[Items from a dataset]
* * * * * * *
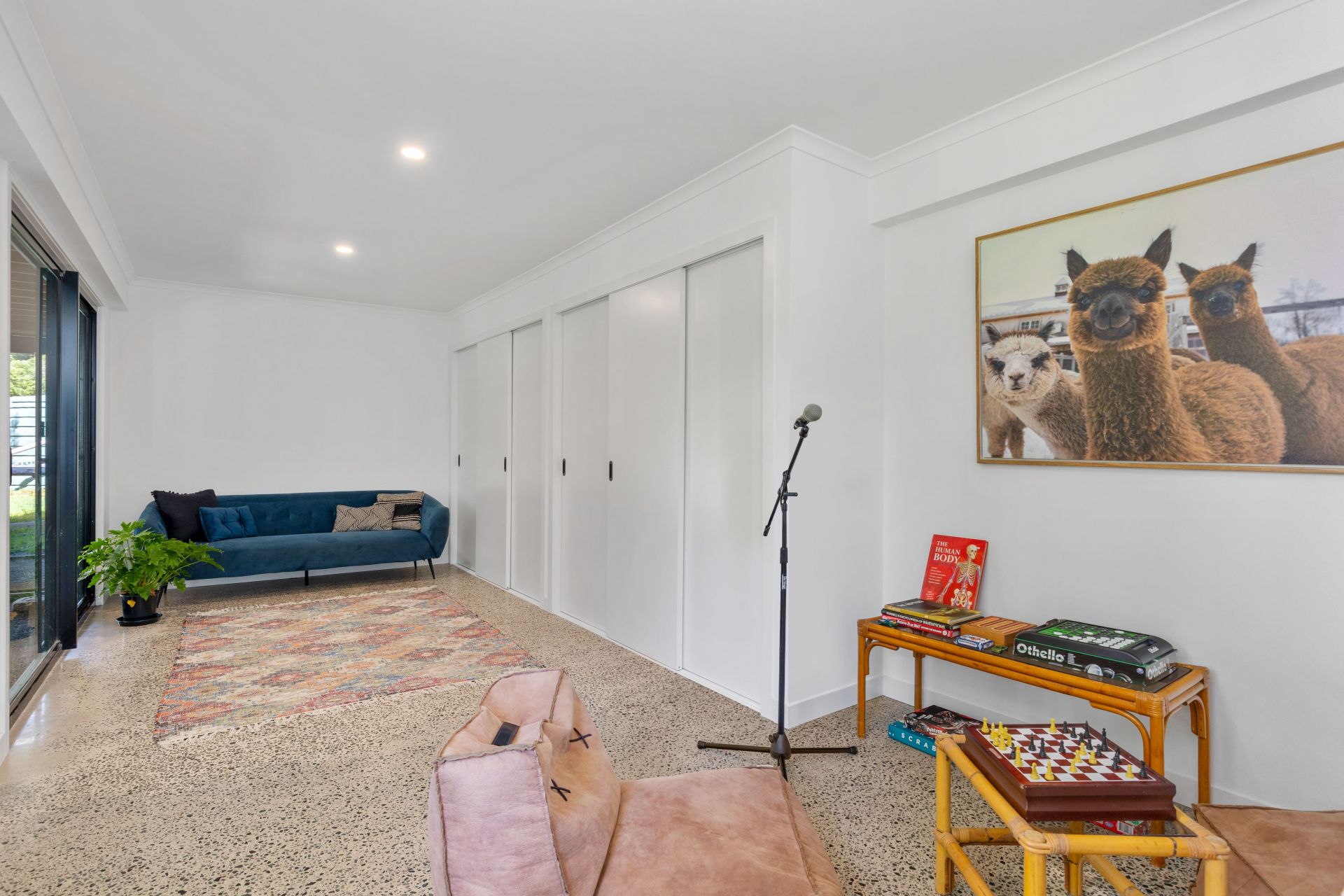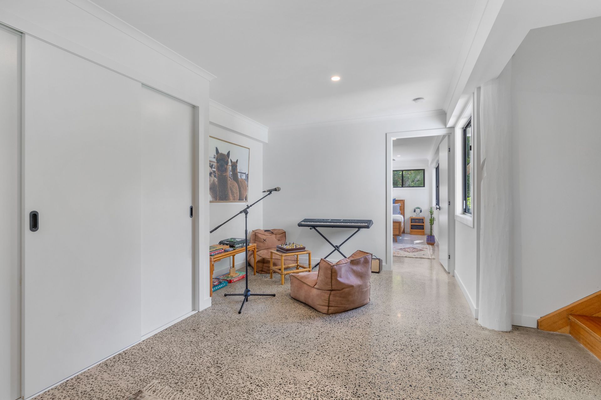 Downstairs is a newly renovated living space with modern polished concrete floors.
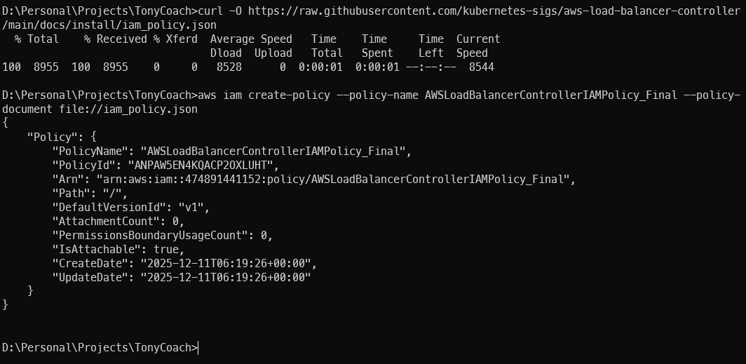 aws iam create-policy --policy-name AWSLoadBalancerControllerIAMPolicy_Final --policy-document file://iam_policy.json
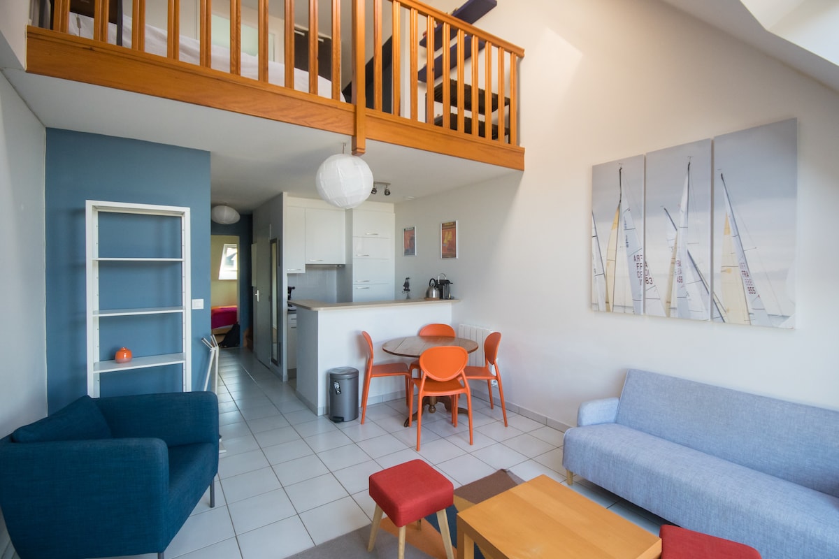 Bienvenue au Duplex "Lomy" entièrement rénové✨ 🌊Parfait pour une escapade en couple, ou en famille, le logement se compose: -Chambre avec lit 160 &Coin nuit avec 2 lits enfants -SDB avec balnéo (180 x 90)-douche de pluie -Sauna 2 personnes sur la terrasse -Salon/Cuisine équipée -Grand balcon avec vue imprenable sur le port, idéale pour un café au lever du soleil ou un apéritif au retour de balade! 🚗Stationnement privé Wifi inclus ⚠️3eme étage sans ascenseur
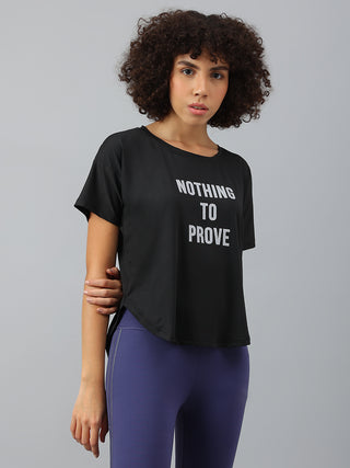 | MKH Nothing To Prove Women Black Dri-Fit Relaxed Fit T-Shirt | Rs. 499.00 |
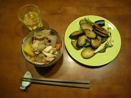 芋煮です。サトイモも旬。焼いたサツマイモも芋煮に参加しました。秋茄子とやわらかいネギを油でいためてショウガ醤油で味付け。美味いです。
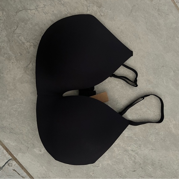 Sleek black SKIMS garment. Features adjustable straps.
* * * * * * *
- [Work required] Every line from the one containing "Rs. 499.00 |" through the final line of the records above is to be written out exactly; nothing else, and no pictures.

- [Answer to the exercise]
 | MKH Nothing To Prove Women Black Dri-Fit Relaxed Fit T-Shirt | Rs. 499.00 |
 芋煮です。サトイモも旬。焼いたサツマイモも芋煮に参加しました。秋茄子とやわらかいネギを油でいためてショウガ醤油で味付け。美味いです。
 Sleek black SKIMS garment. Features adjustable straps.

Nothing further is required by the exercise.